# Altoid Tin Boo Shooter



## Charles (Aug 26, 2010)

I asked a friend of mine to keep an eye out for bamboo spatulas. She was cruising a second hand store and found these little spatulas for 39 cents each.










Hmmmm .... they are just a bit bigger than an Altoids tin, but not by much. Of course you know what was going through my mind. Well, here are the results of my efforts.










I was quite pleased at how they turned out. I made them basically the same way I made my larger boo shooters. I used a 3/4 inch sanding drum to make the fork gap ... the gap turned out to be 7/8 of an inch wide. The bands are single strands of what I believe is 2040 latex tubing from China. I lubricated the fork ends of the bands with alcohol and slipped them into larger diameter tubing to make for a more secure tie. And I used shoe strings for lanyards. I found that a pinky lanyard works very well for these little guys.










I made a short loop in the lanyard by tieing a knot. I just stick my pinky in the loop and give it a couple of twists to tighten it. The hold is quite secure, and the pinky lanyard is insurance against a slip when holding such a small frame. The bands are just long enough for the draw to reach my ear. These little fellows handle 3/8 inch steel and lead quite well.
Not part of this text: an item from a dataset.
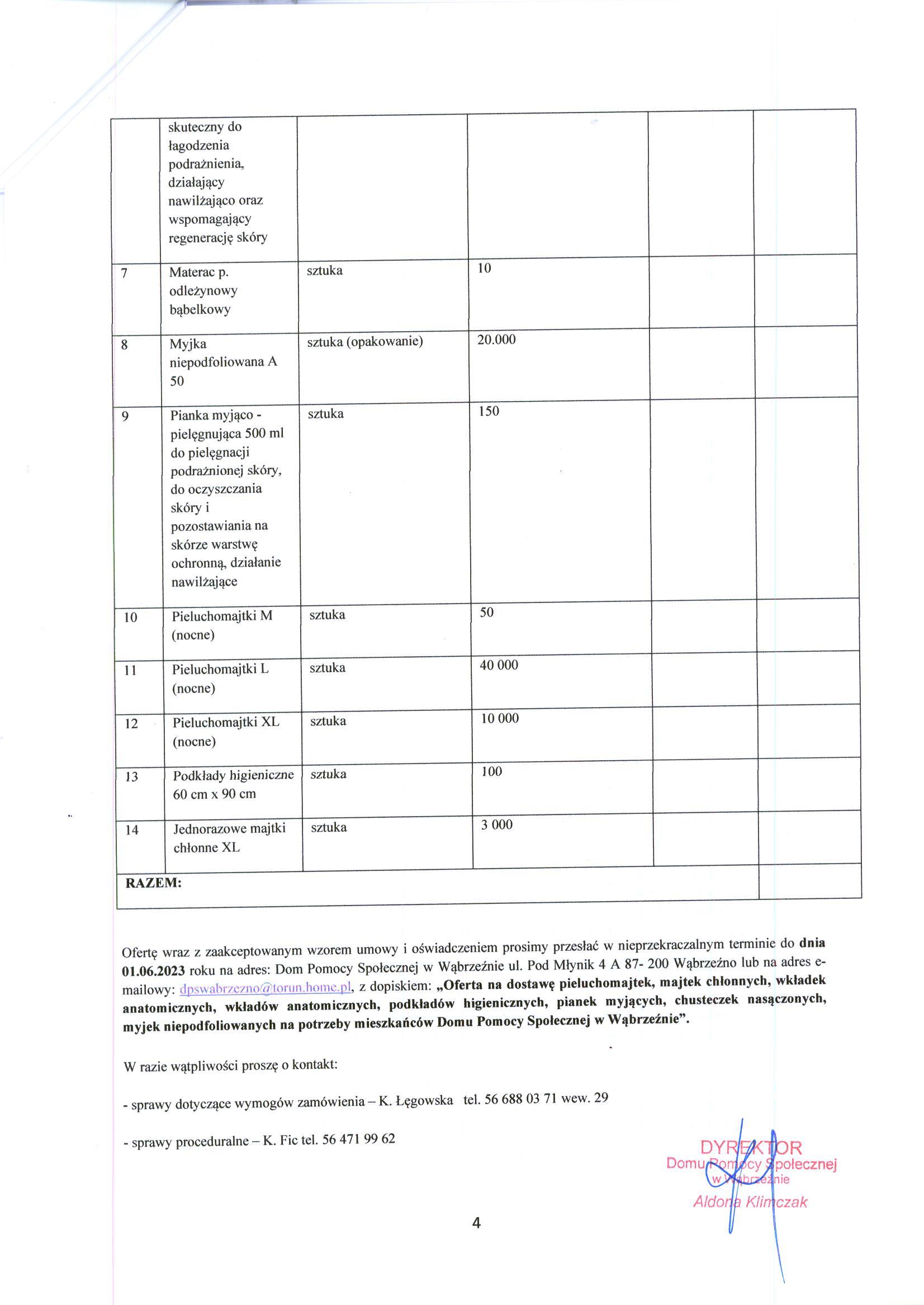 Ofertę wraz z zaakceptowanym wzorem umowy i oświadczeniem prosimy przesłać w nieprzekraczalnym terminie do dnia 01.06.2023 roku na adres: Dom Pomocy Społecznej w Wąbrzeźnie ul. Pod Młynik 4 A 87- 200 Wąbrzeźno lub na adres e-mailowy: dpswabrzezno[at]torun[dot]home[dot]pl, z dopiskiem: „Oferta na dostawę pieluchomajtek, majtek chłonnych, wkładek anatomicznych, wkładów anatomicznych, podkładów higienicznych, pianek myjących, chusteczek nasączonych, myjek niepodfoliowanych na potrzeby mieszkańców Domu Pomocy Społecznej w Wąbrzeźnie”.

And, here is one in and Altoids tin.










The fit is so compact that there is ample room to store quite a bit of ammo, if you are of a mind to. Without ammo, I can fit both of these little guys in one tin!

If you have not yet entered the Altoid Tin Build Off, head on down to the Competitions thread for details. In addition to my Altorus, I have decided to add these wee boo shooters as prizes as well. Sooo, get crackin' ... You have two more weeks to enter.

Cheers ..... Charles


----------



## Bob Fionda (Apr 6, 2011)

Charles, you drive me crazy with your inventions.....you stimulate me to give it a try. Thanks a lot for sharing your smart ideas!


----------



## rem50 (Jan 5, 2012)

Put it in a plastic soap dish and you can take it anywhere!


----------



## tomshot123 (Mar 31, 2012)

I NEED to make a boo shooter!!!


----------



## harson (Oct 21, 2011)

That is excellent , i will need to go and enter this comp now.


----------



## Sean (Nov 17, 2011)

Cool shooters there Charles, very nice. You could win your own competition if you aren't careful.


----------



## August West (Jan 21, 2012)

Man those are super, I am going to have to start looking through the thrift shops. Chris


----------



## e~shot (Jun 3, 2010)

PukkA!


----------



## Charles (Aug 26, 2010)

Thanks for the kind comments everyone. I hope some of you will try making a boo shooter ... easy to make and fun to shoot.

Cheers ..... Charles


----------